Carr also argues that the district court erred in concluding that her retaliation claim because she could not identify similarly-situated employees. But Carr rested her retaliation claim on the same evidence as her discrimination claim, and the analysis of whether the employees she identified were truly “similarly situated” is the same, see Stone v. City of Indianapolis Public Util. Din, 281 F.3d 640, 644 (7th Cir.2002), so summary judgment was also proper on the retaliation issue.
Finally, Carr argues that the district court erred in concluding that her pre-termination hearing satisfied due process. She argues that Davidson’s letter demonstrates that the decision to terminate her had already been made before the hearing, which was merely a “sham” where no one intended to listen to her side of the story.
Due process requires that a public employee facing termination be given a meaningful opportunity to contest the reasons for her dismissal. Cleveland Bd. Of Educ. v. Loudermill, 470 U.S. 532, 546, 105 S.Ct. 1487, 84 L.Ed.2d 494 (1985); Baird v. Bd., of Educ. for Warren Cmty. Unit Sch. Dist. No. 205, 389 F.3d 685, 690-91 (7th Cir. 2004). This includes oral or written notice of the charges, an explanation of the employer’s evidence, and an opportunity for the employee to present her side of the story. Dupuy v. Samuels, 397 F.3d 493, 504 (7th Cir.2005). The hearing must be more than a mere sham; if the decision-makers have reached their conclusion prior to the hearing and refuse to consider the evidence, due process is not satisfied. Scaife v. Racine County, 238 F.3d 906, 908 (7th Cir.2001).

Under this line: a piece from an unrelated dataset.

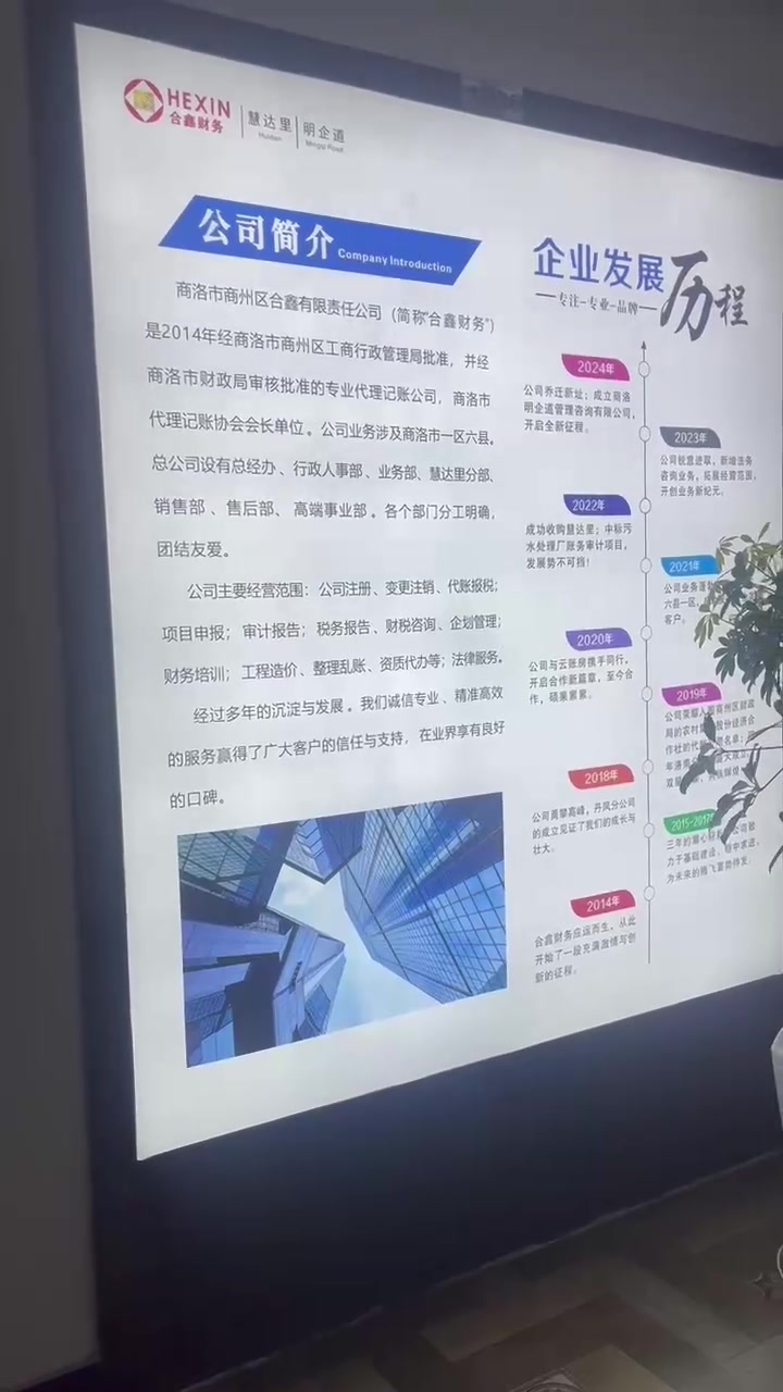 商洛市商州区合鑫有限责任公司主要经营范围:代理记账、申报纳税;并兼顾公司注册登记、变更、注销代理;财务流程设计;财税咨询等。设有专业的财税顾问、主办会计以及工商外勤。 2014年,经商洛市商州区工商行政管理局批准,名为商洛市商州区合鑫有限责任公司正式成立,并经商洛市财政局审核批准为专业代理记账公司。从最开始在商州区中心路小小的几平米小房间扩展到了现在四百多平米的两层办公区,从最初的两个人发展到了现在近五十人的规模,从最开始设有的销售与业务两个部门扩展到现在总经办、销售部、会计事业部、商务部、行政人事部、高端事业部、丹凤分公司、山阳分公司、洛南分公司及子公司-慧达里等,各个部门分工明确,团结友爱,经过10余年的沉淀与发展。我们诚信专业、精准高效的服务赢得了广大客户的信任与支持,在业界享有良好的口碑。

The district court was correct to conclude that Carr has not shown that her hearing was just a sham. Although it is perhaps unusual that Davidson sent Carr a letter, later rescinded, purporting to terminate her before her hearing, Carr has not pointed to any evidence that those who actually participated in her hearing, the security director and human resources director for EAS, were unwilling to listen to her version of events. Cf. Ryan v. Ill. Dep’t of Children & Family Servs., 185 F.3d 751, 762 (7th Cir.1999) (plaintiff survived summary judgment on due process claim by submitting testimony of case in*311vestigator and others involved in hearing that termination was inevitable “regardless of the evidence”); de Llano v. Berglund, 282 F.3d 1031, 1035-36 (8th Cir.2001) (hearing not merely a sham in absence of statement from hearing officers indicating their unwillingness to change their minds). Instead, the undisputed facts show that the officials conducting the hearing asked Carr questions and listened to her explanation of events, as ably supplemented by her counsel. The fact that the Department ultimately found Carr’s explanations insufficient to save her from termination does not change the fact that she was given ample opportunity to deliver them. See Dupuy, 397 F.3d at 504.
Accordingly, the judgment of the district court is AFFIRMED.